Deficiencies in CDP’s community policing efforts are, to a certain extent, not surprising. Even with the advent of CDP’s new community policing philosophy, we are aware of no CDP policies regarding community policing. We have seen no formal, systemic community policing plan to ensure officers are interacting with civilians; and we have seen no efforts to analyze those interactions and to use the information gained to improve CDP’s ability to fight crime. In addition, performance evaluations of officers do not include a community policing component.
We also saw evidence that some officers hold views that are incompatible with community policing principles, and that this attitude is tolerated and encouraged by at least some members of command staff. A former actual Commander of community policing for CDP told us that he believes the culture within CDP is antithetical to a community policing mentality and that officer training instills in officers an “us-against-them” mentality. During an interview with one district commander, he referred to his district as a “forward operating base,” and we later observed a large sign hanging in the vehicle bay of that district station identifying it as such. Such metaphors have no place in a community-oriented police department. While a stray comment here or there would not itself be worthy of report, leadership and messaging do matter, especially in light of the other findings and observations set forth in this letter.
CDP policy places responsibility for establishing community policing strategies for the Division with the Deputy Chief of Field Operations. Nonetheless, Chief Williams, who at the time was Deputy Chief of Field Operations, told us that CDP has no Division-wide community policing strategy and instead relies on district commanders to establish community policing plans. Many district commanders told us that they have an excellent relationship with those they police, citing, for example, their monthly meetings with community members. We attended several of these meetings, and indeed, those in attendance evinced respect and appreciation for CDP. However, as set forth above, these meetings are not a strategy for every day community policing and they attract a small number of people who reflect only a fraction of the communities CDP serves. Citizens need to know not only the “brass,” but they need a trusting relationship with the patrol officers who are in their communities every single day. Many Cleveland residents fear and mistrust CDP and feel that they are in an adversarial relationship with the Division. Although it is harder to accomplish, more needs to be done to try to involve the members of the community who have a less favorable view of CDP.
On another occasion, a commander noted that he had tried to address crime outside of the usual responses to calls for service by contacting the law department and a City councilperson about ways to address the theft of scrap metal, which is a primary problem in his district. Such actions can be an important part of community policing, as a successful community policing strategy depends on cooperation between the police department and other government entities within the city. However, this commander’s personal efforts again appear to be an exception to CDP’s overall policing strategy, which relies very little on communication and proactive daily partnerships with those they police.
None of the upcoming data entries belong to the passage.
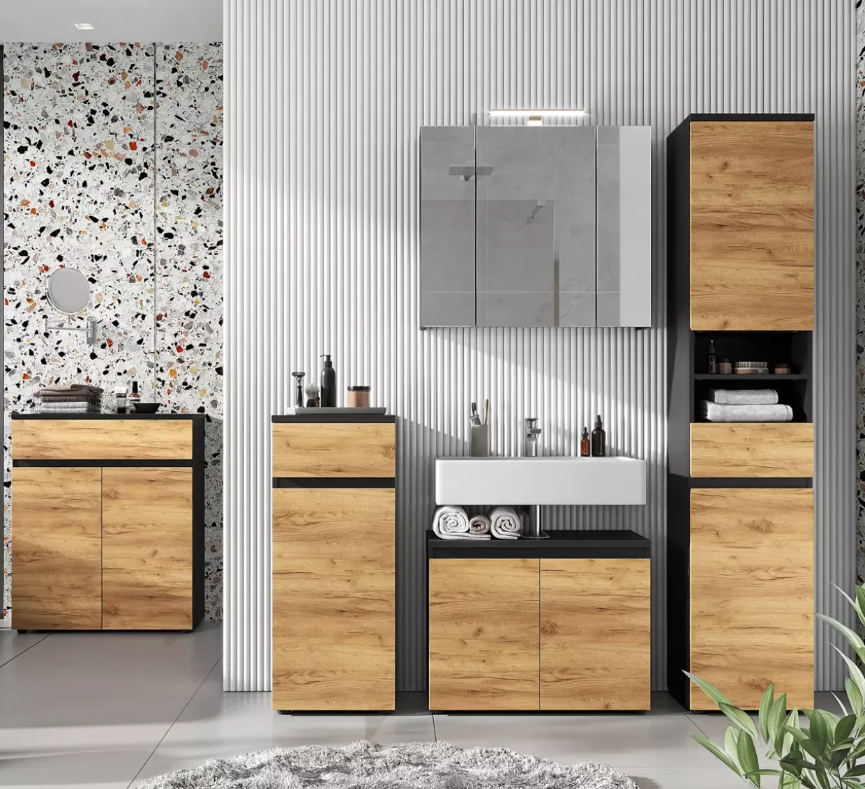 Graphitfarbene Akzente verleihen dem Waschbeckenunterschrank Mayor eine moderne Eleganz, die jedes Badezimmer aufwertet. Die Kombination aus langlebigem Holzwerkstoff und robustem Metall spiegelt nicht nur Stil, sondern auch Funktionalität wider. Mit seinen Maßen von 70 x 56 x 34 cm bietet der Unterschrank reichlich Stauraum, um Ordnung in Ihrem Badezimmer zu schaffen. Die Drehtür mit Push-To-Open-Funktion offenbart ein durchdachtes Innenleben, das Ihre Kosmetikartikel und Pflegeutensilien diskret versteckt.
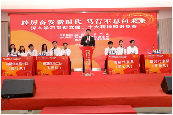 本次知识竞赛活动重点围绕党的二十大报告中的新观点、新论断、新思想等相关知识点出题,对选手学习党的二十大精神进行全面测试,共有8个参赛队伍24名参赛选手参加竞赛。竞赛现场,参赛选手展现出扎实的理论基础和奋勇争先的精神风貌。必答题环节,选手们沉着稳重、对答如流,充分展现了丰富的知识储备;抢答题环节,选手们铆足干劲、眼疾手快,把对知识掌握的自信凝聚到团结协作上,比分不断拉开又追平,赛场紧张刺激的氛围感拉满;风险题环节,选手们挑战自我,选择不同分数档的题目将分数拉开,推动比赛进入白热化,赢得了一片喝彩和掌声。活动现场还设置了有奖互动环节,现场观众纷纷举手抢答党的二十大知识题目,将赛场气氛不断推上新高潮。经过激烈角逐,最终汕尾供电局二队、陆丰代表队、陆河代表队及市发改局一队包揽前三名。
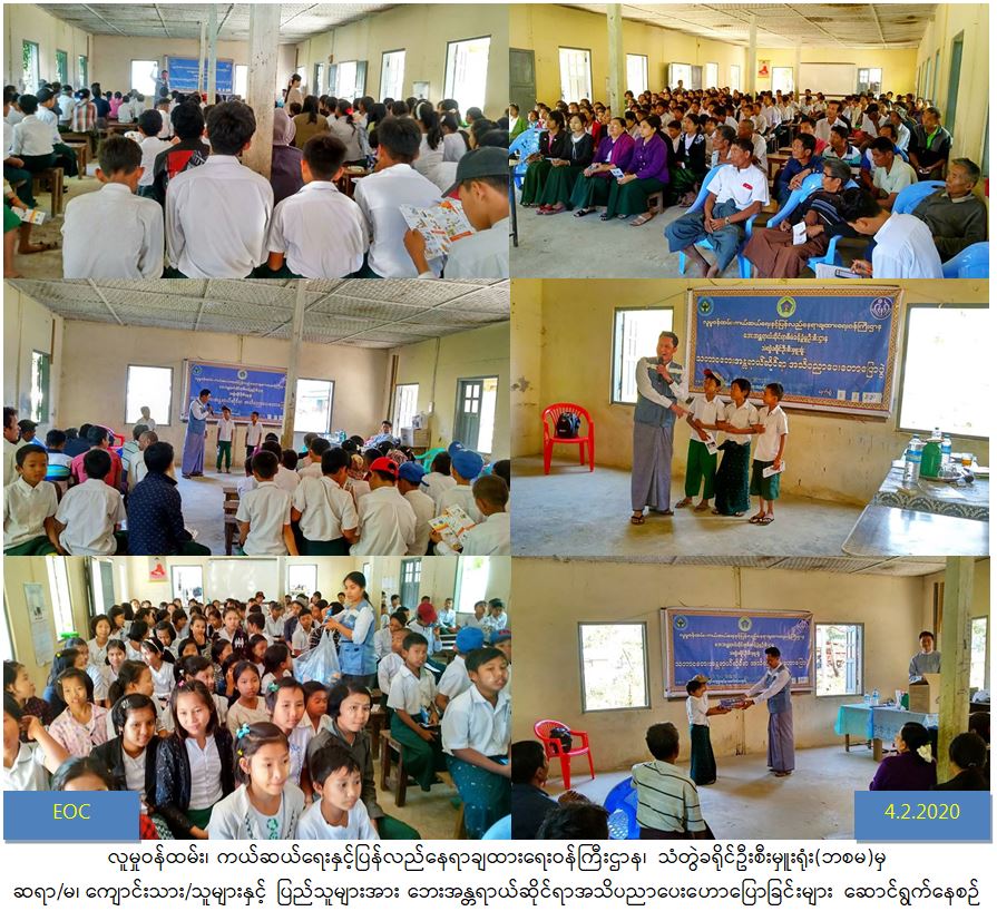 လူမှုဝန်ထမ်း၊ ကယ်ဆယ်ရေးနှင့်ပြန်လည်နေရာချထားရေးဝန်ကြီးဌာန၊ ဘေးအန္တရာယ်ဆိုင်ရာစီမံခန့်ခွဲမှုဦးစီးဌာန၊ သံတွဲခရိုင်ဦးစီးမှူးရုံးမှ ရခိုင်ပြည်နယ်၊ သံတွဲခရိုင်၊ သံတွဲမြို့နယ်၊ မဲနယ်ကွင်းကျေးရွာအုပ်စု၊ အထက်တန်းကျောင်းခန်းမ၌ (၄.၂.၂၀၂၀)ရက်နေ့၊ (၁၃:၃၀)နာရီချိန်မှ (၁၅:၃၀)နာရီချိန်အထိ “သဘာဝဘေးအန္တရာယ်ဆိုင်ရာအသိပညာပေးဟောပြောပွဲ” ကျင်းပခဲ့ပါသည်။ ယင်းဟောပြောပွဲတွင် သဘာဝဘေးအန္တရာယ်ဆိုင်ရာသိမှတ်ဖွယ်ရာများကို ဟောပြောဆွေးနွေးသရုပ်ပြခြင်းများ ဆောင်ရွက်ခဲ့ရာ ဆရာ/ဆရာမ၊ ကျောင်းသား/ သူများနှင့် ကျေးရွာသူ/သား စုစုပေါင်း (၁၆၀)ဦးတက်ရောက်ခဲ့ကြောင်း သတင်းရရှိပါသည်။
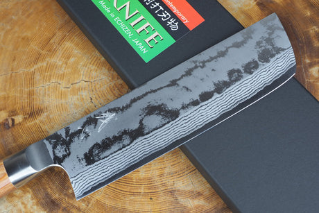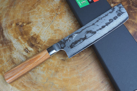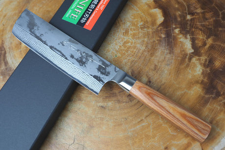 Seki Kanetsugu - Shiun Nakiri Knife 17.5cm VG10 Steel with Burnt Lacquer Oak Handle
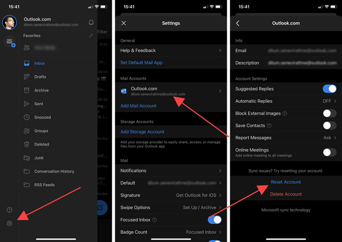 If you continue to have sync issues in Outlook’s Android or iOS apps, it’s a good idea to reset the email account in question.
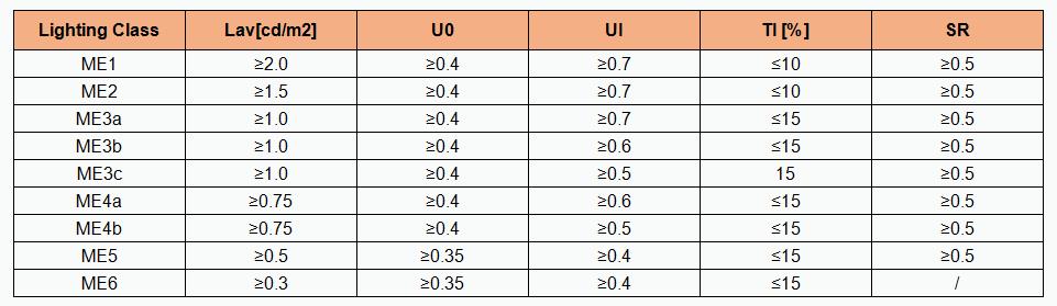 There are different standards for driveways and sidewalks. We have included two tables below based on the EN13201 standard to give you a quick overview of the relevant standards. The table below is for freeways and sidewalks respectively. As you can see, it includes Lav (Eav, Emin), U0, UI, TI and SR requirements. Of course, there are other lighting classes besides M and P. For example, Lighting Class C applies to conflicts. Lighting class C, for example, applies to conflict zones. Often, projects or tenders require protection classes for luminaires.
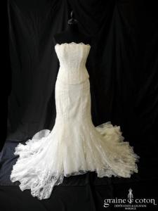 Robe deux pièces en dentelle ivoire : bustier droit boutonné dans le dos. Jupe sirène très évasée avec longue traîne pouvant se relever par un système de lanières/bouton. Une robe pure avec une magnifique matière, tout en élégance et simplicité. Jupon inclus.
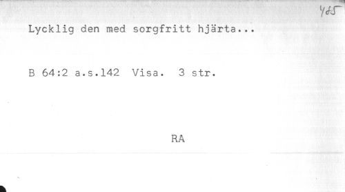 //// * * //// Lycklig den med sorgfritt hjärta... //// B 64:2 a.s.142 Visa. 3 str. //// RA ////
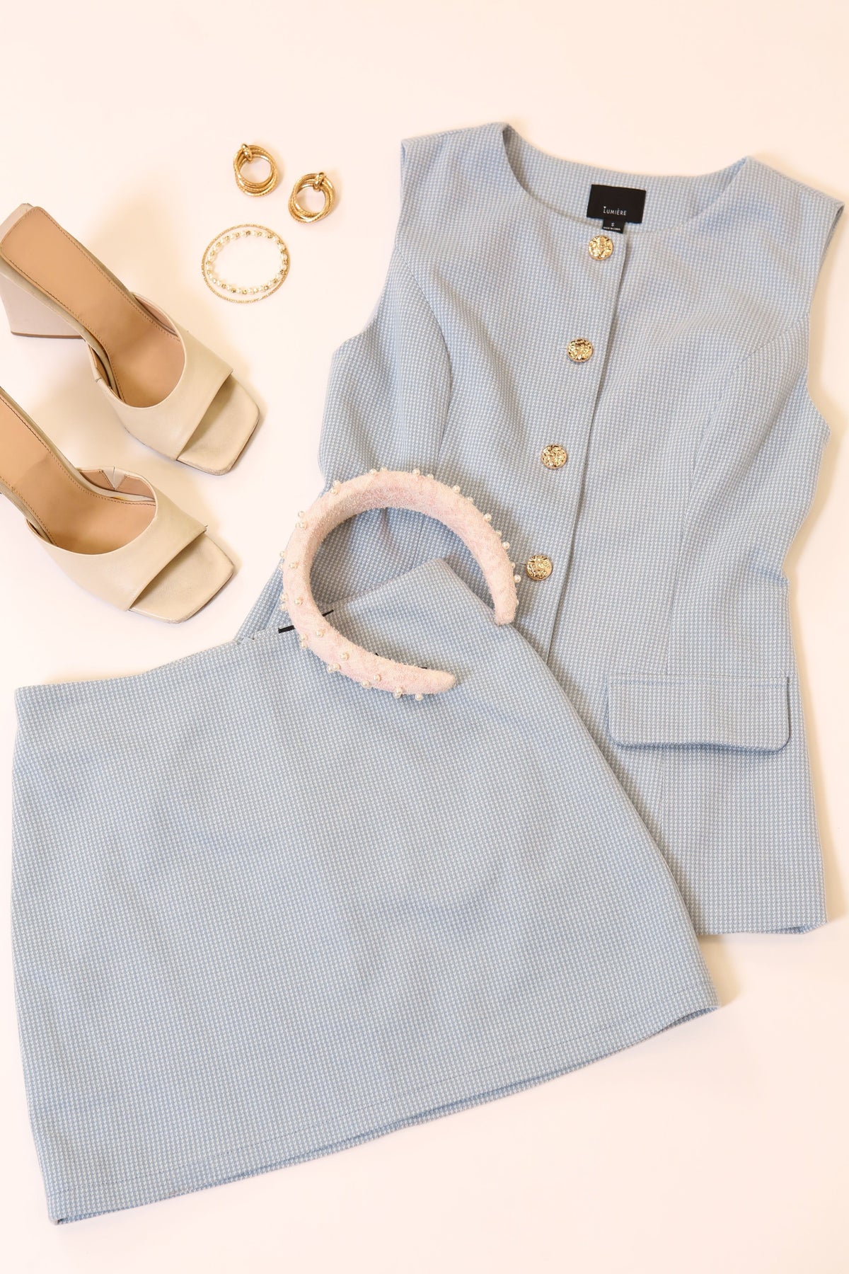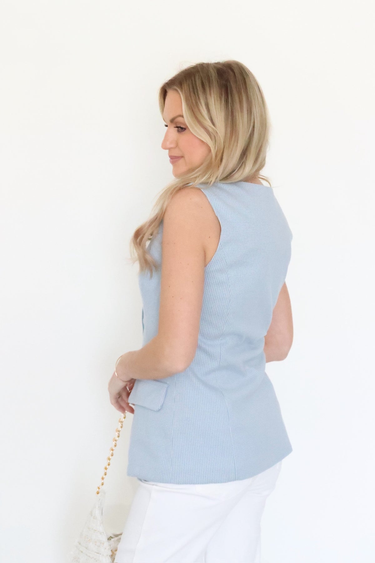 Polished and modern with a timeless feel, the Colette Tailored Button Vest Top is a refined wardrobe essential. Crafted from a structured woven fabric with subtle texture, this sleeveless top features a clean, tailored silhouette that flatters the figure. The round neckline and gold-tone statement buttons add an elevated touch, while faux flap pockets lend classic charm. Designed to wear alone or layered, this versatile piece transitions effortlessly from office-ready looks to chic everyday styling. Pair it with trousers, denim, or skirts for an instantly put-together outfit.
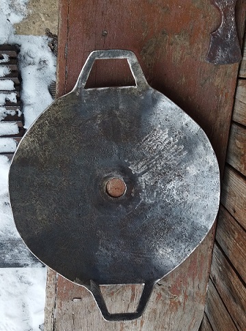 QUOTE(Платоныч @ Jan 15 2023, 19:15) Добрый вечер уважаемое сообщество! Кто ни будь делал сковороду из вот такой дисковой бороны? В прошедшем сезоне при поисках попалось несколько таких Пока выпилил и зачистил до вот такого состояния, далее отверстие заварю. Потом по информации из глобальной сети - нужно нагреть на сильном огне до синевы металла, потом греть с солью пока она -соль не поменяет цвет, и натереть за несколько приёмов льняным маслом. Как думаете этого достаточно, или есть ещё какой то секрет? Пока планирую без крышки делать, но с подставкой. Доброго! Секретов никаких нет. Засыпаете равномерно соль по всей поверхности сковородки и греете на костре несколько часов. Саджи эти хорошо продаются, только лепестки не отрезаются, но можно сделать так же, как и у вас. |
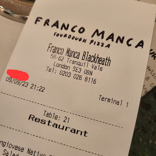 We visited Franco Manca for a family dinner. We had called the restaurant beforehand and asked if a table for 5 was available. We were told that they only had 1 table for 5 which was currently unavailable, but if we made our way there within 30 mins it was probably going to become available. We arrived at the restaurant and explained we had called beforehand and asked if they had the table for 5. The girl at the front desk left without saying anything to call who was presumably the manager, who came over and looked at us unwelcomingly and without saying a word. We explained again and were shown to a table. When we sat down, the waitress came over and seemed impatient to take our order. We asked what the specials were as from where we were sat we were not able to see the board. She replied the specials were on the board, she did not know what they were and she could not see the board either and totally seemed disinterested in helping us. Eventually, one of us had to get up and walked to the board to read the specials. Another waiter then came over to bring our drinks, slammed them on the table without saying anything and loudly chewing gum.
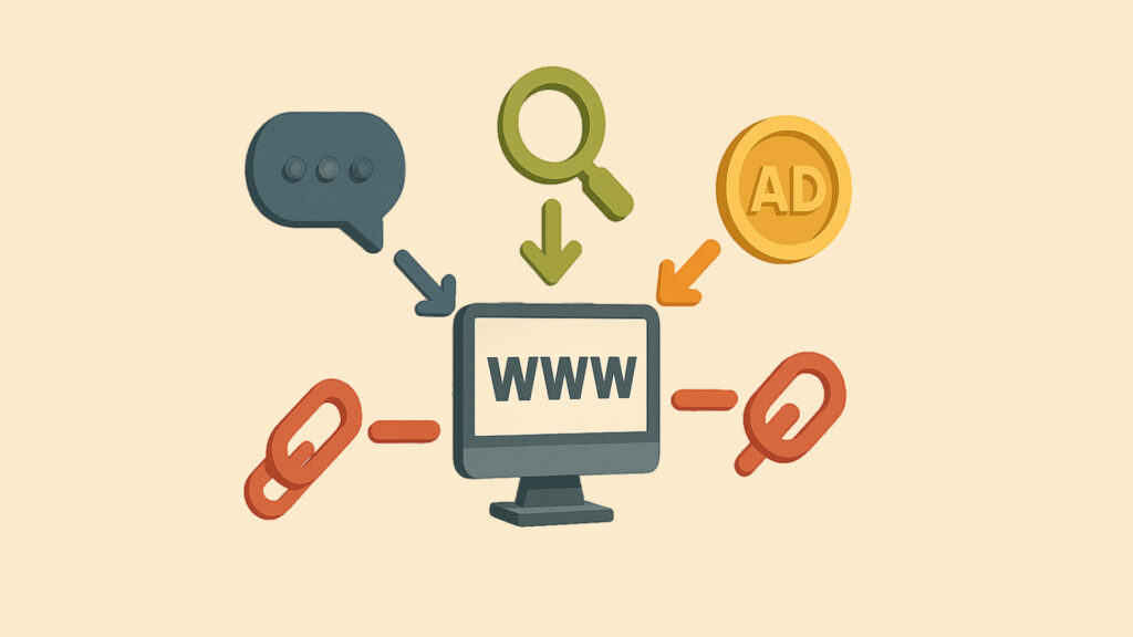 - Organisk trafik – gratis klick från sökmotorer som Google och deras AI-baserade svar (AI Overviews, Bing Copilot, ChatGPT-sök)
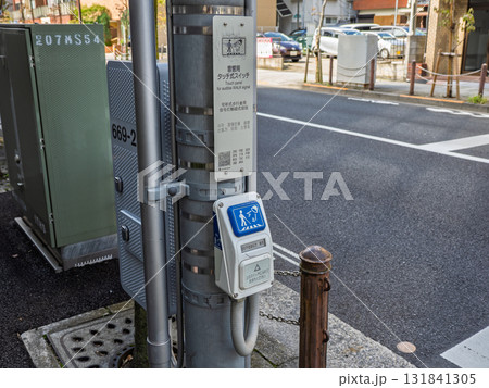視覚障害者用音響式信号機のスイッチと横断歩道
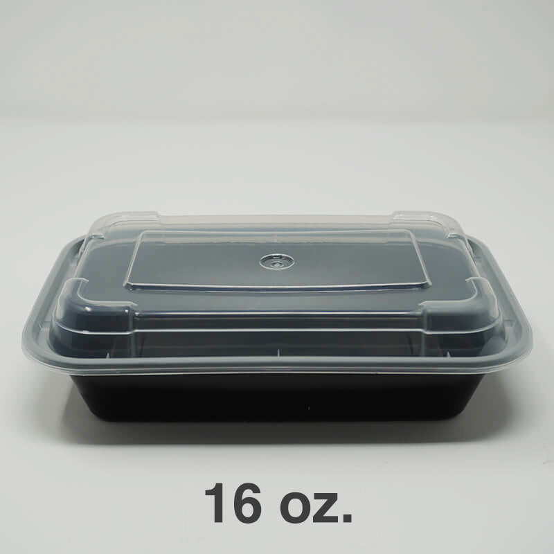 16 oz. Rectangular Black Plastic Container Set (8168) - 150/Case
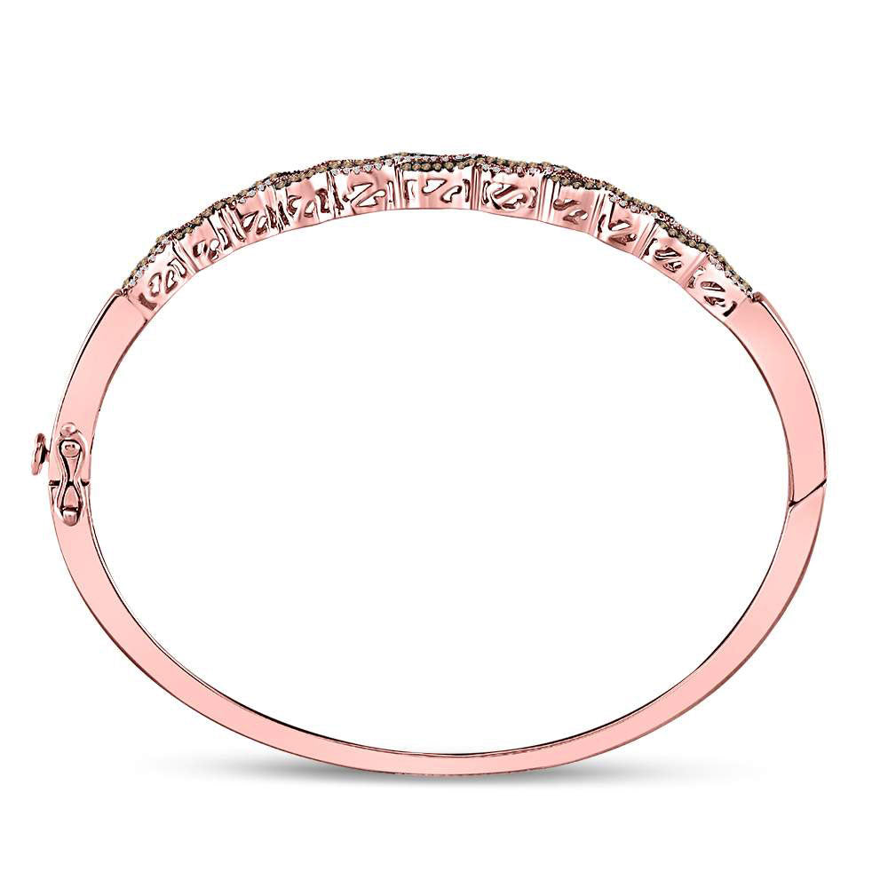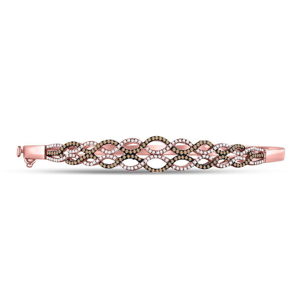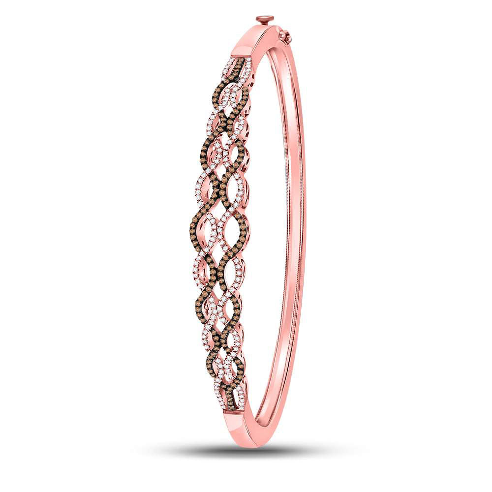 Keene Jewelers 10kt Rose Gold Womens Round Brown Diamond Braided Bangle Bracelet 3/4 Cttw

CDP has taken some initial steps to establish an effective community policing approach to interacting with the people of Cleveland and proactively addressing crime. Holding community meetings, encouraging officers to get to know residents, working with the city council and other government entities, and other strategies are all basic building blocks of an effective community policing framework. But much more must be done. CDP must target the communities where distrust of the police is most pervasive. Community meetings must entail a broader representation of community members and must dig deeper into how those members can work with officers to prevent crime. In addition, community policing principles must be formalized and inculcated into the culture of the Division. Underpinning all of CDP’s efforts must be a community-oriented philosophy that positions community members and groups as partners in an effort to proactively problem-solve together.
8. CDP’s Approach to Individuals in Crisis Is Underdeveloped.
CDP’s crisis intervention policies and practices are underdeveloped, and CDP has not yet fully integrated these practices into its response to individuals in crisis, resulting in the use of unreasonable force against these individuals. When individuals experience a mental health crisis, law enforcement officers often are the first responders. In many of these situations, officers have been called to the scene by concerned family members who are only seeking help for their loved ones. Frequently, these individuals in crisis have not committed any crime. Too often in Cleveland, however, officers handle these difficult situations poorly and end up resorting to unconstitutional force against people in crisis. Although CDP has invested in improving its response to people in crisis over the last few years, critical work still remains to ensure that officers’ interactions with people in crisis are appropriate.
CDP contracts with Cuyahoga County’s Alcohol, Drug Addiction, and Mental Health Services (“ADAMHS”) to provide some of its officers with crisis intervention training. Once officers have completed this 40-hour block of training, CDP designates them as crisis intervention team (“CIT”) officers. Many officers describe this training as the best and most effective training they have ever received while at CDP. The problem, however, is that frequently these trained officers are not the people responding to calls of people in crisis in real time. That needs to change. Currently, at the beginning of each shift, supervisors are to inform dispatchers which zone cars have CIT officers so that dispatchers may assign CIT officers to assist with calls involving individuals experiencing a mental health crisis. However, CDP policy only requires dispatchers to “attempt” to dispatch a CIT officer to a call involving a person in mental health crisis. If CIT officers are already on other assignments, dispatchers are allowed to send only non-CIT officers. Partly as a result of this practice, officers who have not received CIT training are dispatched to handle calls involving individuals in crisis. We saw no evidence that CDP’s staffing plan or car plan attempts to ensure that there is adequate CIT coverage or that CIT officers are assigned to shifts with a greater need for their skills.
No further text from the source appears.